ADD: simple ALU instruction (1-cycle latency) 
FADD: floating point instruction (1-cycle latency) 
FMUL: floating point instruction (2-cycle latency) 
LD: load instruction (2-cycle latency) 
STORE: store instruction (1-cycle latency) 
BR: branch instruction (1-cycle latency) 

Rename I9:F2 to F6
       IA:F2 to F6
       IB:F3 to F7
       ID:F3 to F7

Now the VLIW schedule looks like:

	 -----------------------------------------------
	|	I1	|	I6	|	I8	|
	 -----------------------------------------------
	|	I9	|	IB	|	I2	|
	 -----------------------------------------------
	|	I4	|	I3	|	IE	|
	 -----------------------------------------------
	|	I7	|	IA	|	I5	|
	 -----------------------------------------------
	|	IC	|	ID	|	IF	|
	 -----------------------------------------------

(10 points) For a VLIW machine, the compiler has to find independent instructions that can be executed at the same cycle. Supposed that there is a 2-wide VLIW machine. (i.e., there are two instruction slots.) For the first slots, the processor can execute any types of instructions. For the second slots, the processor can execute only loads, stores. Arrange the following code to maximize the performance. The processor is an in-order processor. The compiler needs to insert nops if it cannot find any instructions for a slot.
```
 
0xa000 ADD R0, R0, R2
0xa004 ADD R1, R1, R0
0xa008 FADD R2, R2,  F3
0xa00B FMUL R1, R1, R4
0xa010 STORE MEM[R2], R3
0xa014 FADD R3, F3, R4
0xa018 BR R3, 0x8000
```
ADD: simple ALU instruction
FADD: floating point instruction
FMUL: floating point instruction
STORE: store instruction
FADD: floating point instruction
BR: branch instruction
```
 
ADD R0, R0, R2, NOP 
ADD R1, R1, R0, NOP 
FADD R2, R2, F3, NOP
FMUL R1, R1, R4, STORE MEM[R2], R3
FADD R3,F3, R4, NOP 
BR R3, 0x8000 NOP 
```
(A better question) For a VLIW machine, the compiler has to find independent instructions that can be executed at the same cycle. Supposed that there is a 2-wide VLIW machine. (i.e., there are two instruction slots.) For the first slots, the processor can execute any types of instructions. For the second slots, the processor can execute only integer, floating points operations. Arrange the following code to maximize the performance. The processor is an in-order processor. The compiler needs to insert nops if it cannot find any instructions for a slot.
```
 
0xa000 ADD R0, R0, R5
0xa004 ADD R1, R1, R0
0xa008 FADD R2, R2,  F3
0xa00B FMUL R1, R1, R4
0xa010 STORE MEM[R2], R3
0xa014 FADD R3, F3, R4
0xa018 BR R3, 0x8000
```
ADD: simple ALU instruction
FADD: floating point instruction
FMUL: floating point instruction
STORE: store instruction
FADD: floating point instruction
BR: branch instruction
```
 
ADD R0, R0, R5 : FADD R2, R2, R3 
ADD R1, R1, R0  : NOP 
STORE MEM[R2], R3 :  FMUL R1, R1, R4 
FADD F3, F3, R4 : NOP 
BR R3, 0x80000 : NOP 
```
The following questions won't be graded. So you do not need to turn in. These questions are provided to help you understand the material. The questions might have more than one answers.

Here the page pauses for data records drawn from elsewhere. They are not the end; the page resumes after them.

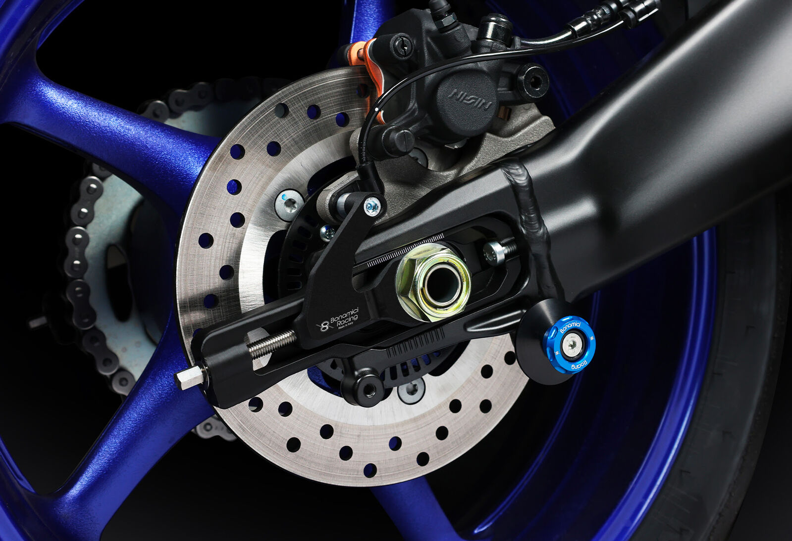 Bonamici Racing Chain Adjuster With Caliper Support To Suit Yamaha YZF-R9 (2025 - Onwards) - Black
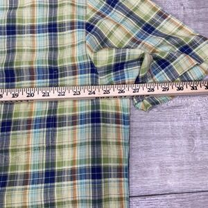 Zanella Shirt Mens 2XL Green Blue Plaid Short Sleeve Button Up Made in Italy
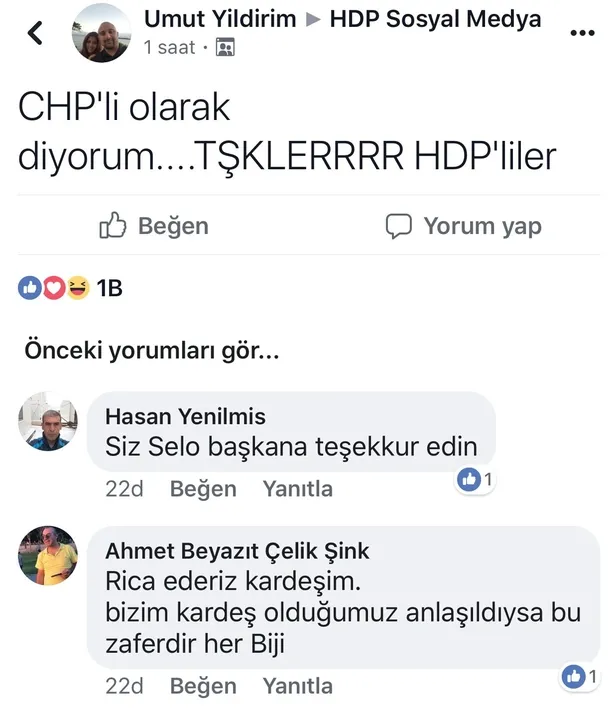 Ele geçirilen mesajlarda, CHP'nin İstanbul adayı Ekrem İmamoğlu'nun mazbatayı alması ile büyük bir sevinç yaşayan HDP'li Ziya Gündüz isimli kullanıcı "İstanbul düştü, Kobani düşmedi. Etme bulma dünyası" ifadelerini paylaşıyor. CHP'ye oy veren Umut Yıldırım'ın "Teşekkürler HDP'liler" iletisine yanıt veren Cengiz Toraman isimli HDP'li ise "Çevremizde CHP'ye yüzlerce oy verdik. İmamoğlu'na helal hoş olsun" sözlerini sarfediyor. Bılele Çobanpınar isimli HDP'li "Hayatımda ilk defa HDP dışında bir partiye Selo başkan hatrına oy verdim" derken, Şexane Piran adlı bir başka HDP'li "AKP-MHP faşizmine inat (terörist)Hacı Lokman Birlik için oy verdik. Sur, Cizre, Silopi, Nusaybin, Hakkari için söz verdik" ifadelerini kullanıyor.
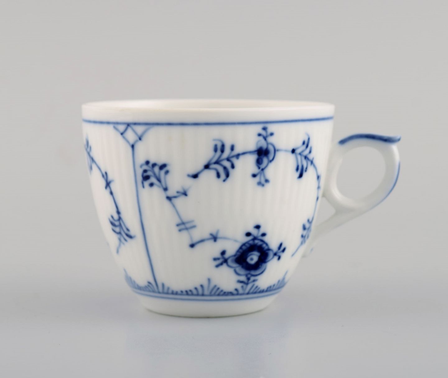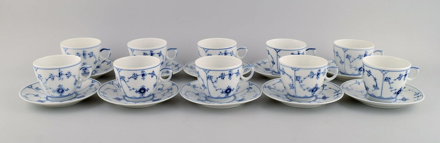 10 Royal Copenhagen Blue Fluted Plain coffee cups with saucers. Model number 1/2162. Dated 1949. The cup measures: 7.5 x 6 cm. Saucer diameter: 13 cm. Stamped. 2nd factory quality.
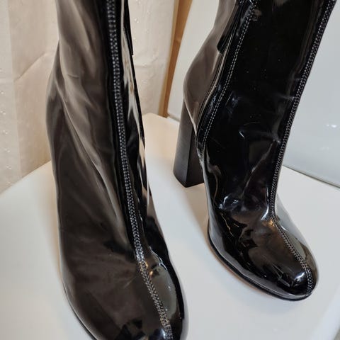 Støvletter str. 39, sort lak med snøre
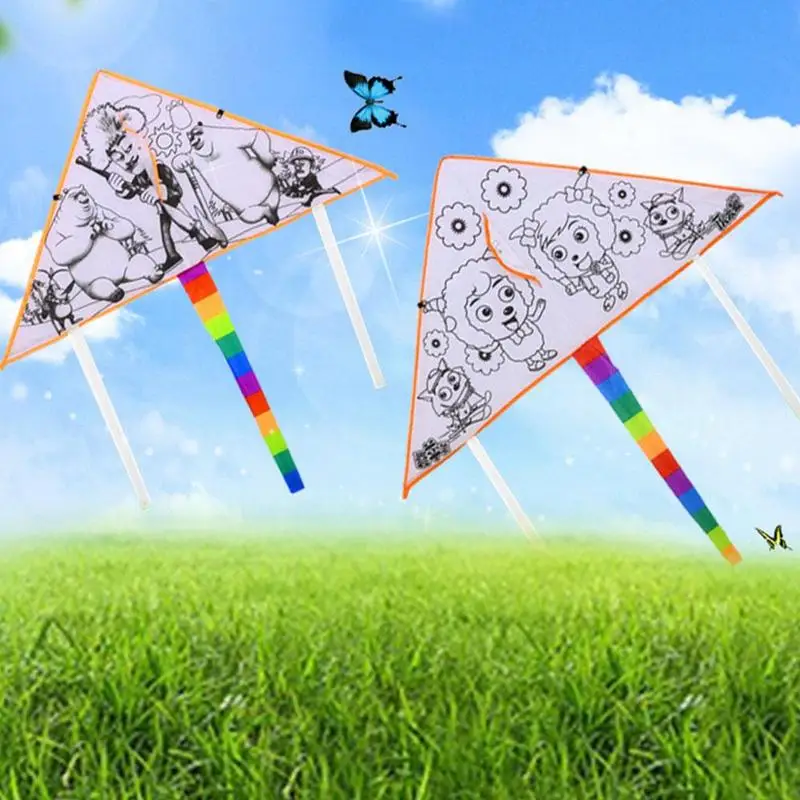 Outdoor Flying Kites Toy Diy Graffiti Color Filled Kite Blank Triangle Kite With Handle And Line Outdoor Sports Educational Toy

(no grading) Discuss why a check point based branch prediction recovery mechanism can provide a faster recovery than a ROB based mechanism. Explain with example.

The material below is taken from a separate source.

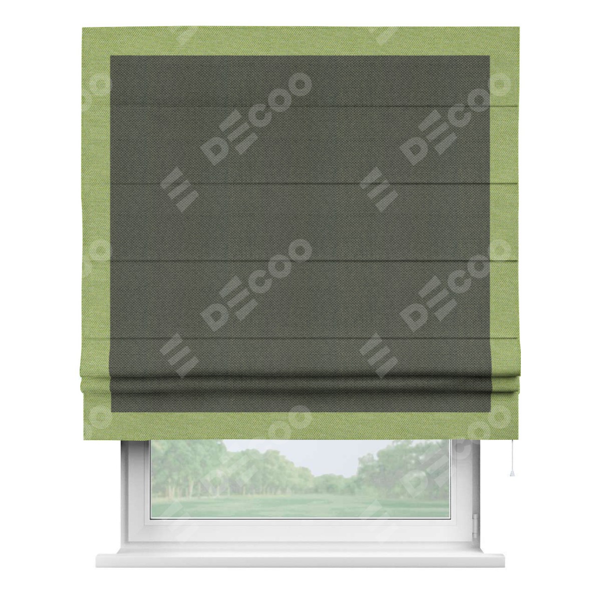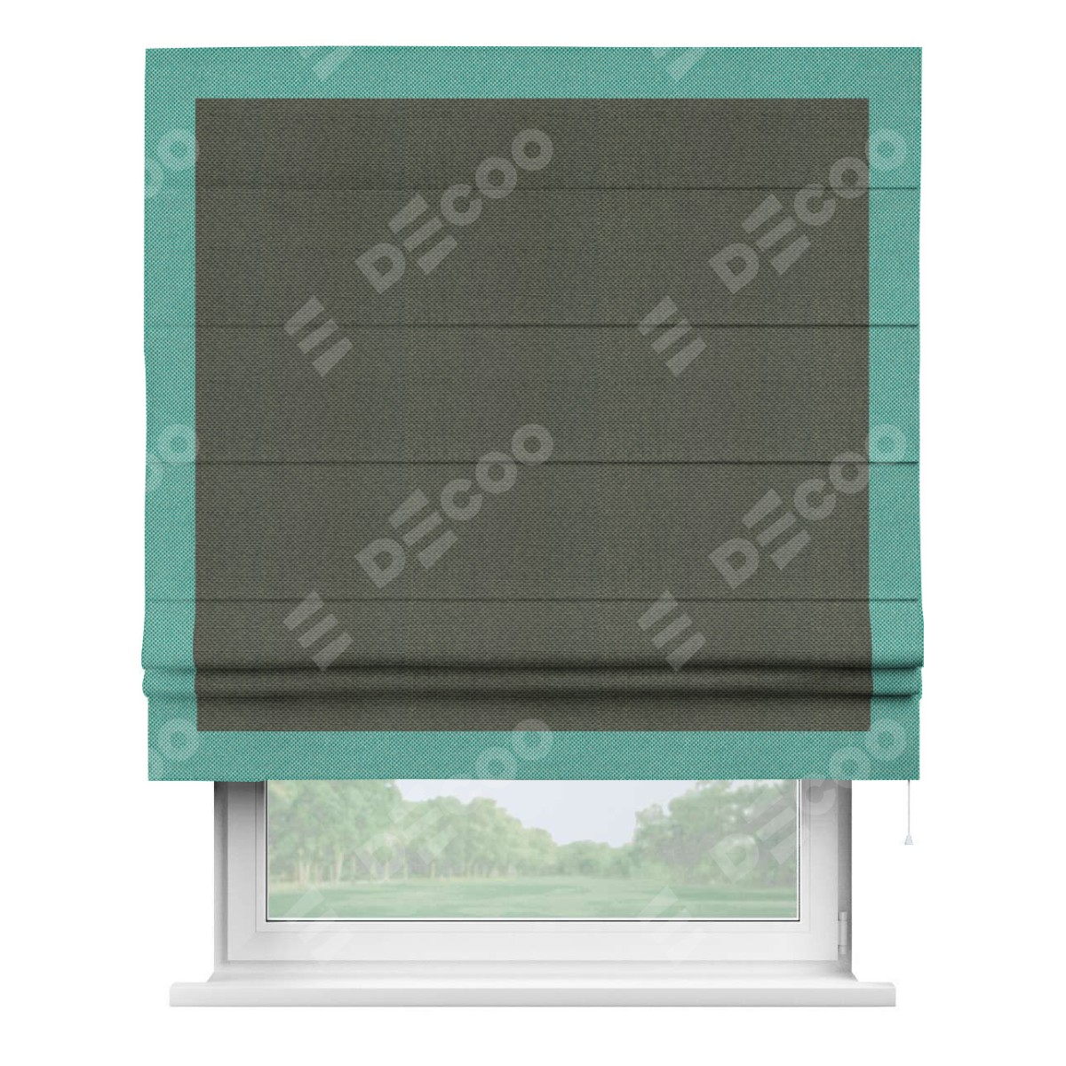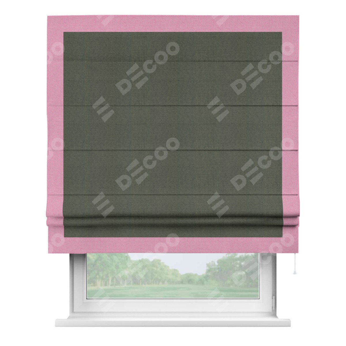 Римская штора производителя «Cortin», используется для проёма, пошита из ткани лён димаут графит, артикул 27. Отделка шторы кантом «Чесс», ткань для канта используется из льна димаут разной расцветки на выбор. Имеет универсальный механизм и подходит для монтажа: на потолок, на стену и в нишу.

(no grading) What is a memory disambiguation problem? One of the solutions of solving memory disambiguation problem is waiting all loads until the processor knows the addresses of all younger store instructions. Load store dependency predictor is a more aggressive solution. Surprisingly load store dependency predictor works well. Depending on applications and ISAs, the number of loads that are dependent on near-by stores varies significantly. Discuss why.

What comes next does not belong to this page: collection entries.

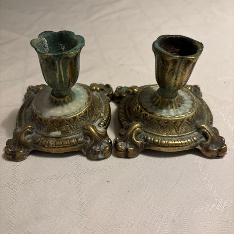 Et par ældgamle lysestager i messing. Arvestykker. Skal pudses op.
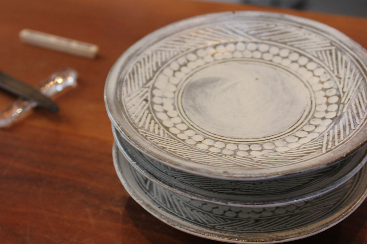 三島と呼ばれる印花文を施し、化粧土と釉薬で象嵌風に陰影をつけて魅せていきます。
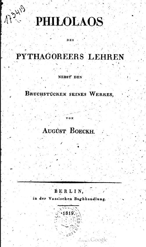 Philolaos des Pythagoreers Lehren nebst den Bruchstücken seines Werkes
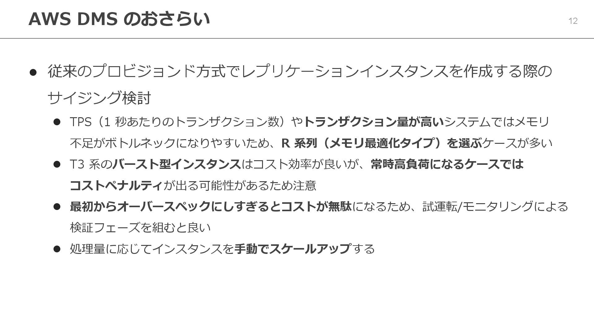 T3 系のバースト型インスタンスはコスト効率が良いが、常時高負荷になるケースでは コストペナルティが出る可能性があるため注意 ⚫ 最初からオーバースペックにしすぎるとコストが無駄になるため、試運転/モニタリングによる 検証フェーズを組むと良い ⚫ 処理量に応じてインスタンスを手動でスケールアップする AWS DMS のおさらい

(no grading) The benefits of out of order execution is increasing ILP and MLP. Highly optimized compiler can also improve ILP and MLP. Discuss how compilers improve ILP and MLP. What are the limitations of static time scheduling? The answer is not just simply, "oh compiler does not have run-time information.". Using profiling, the compiler can have a lot of run-time information.
(no grading) Many of x86 instructions are actually broken into multiple RISC type uops when they are executed inside a processor. If one of the uops generates an exception, how should we handle them?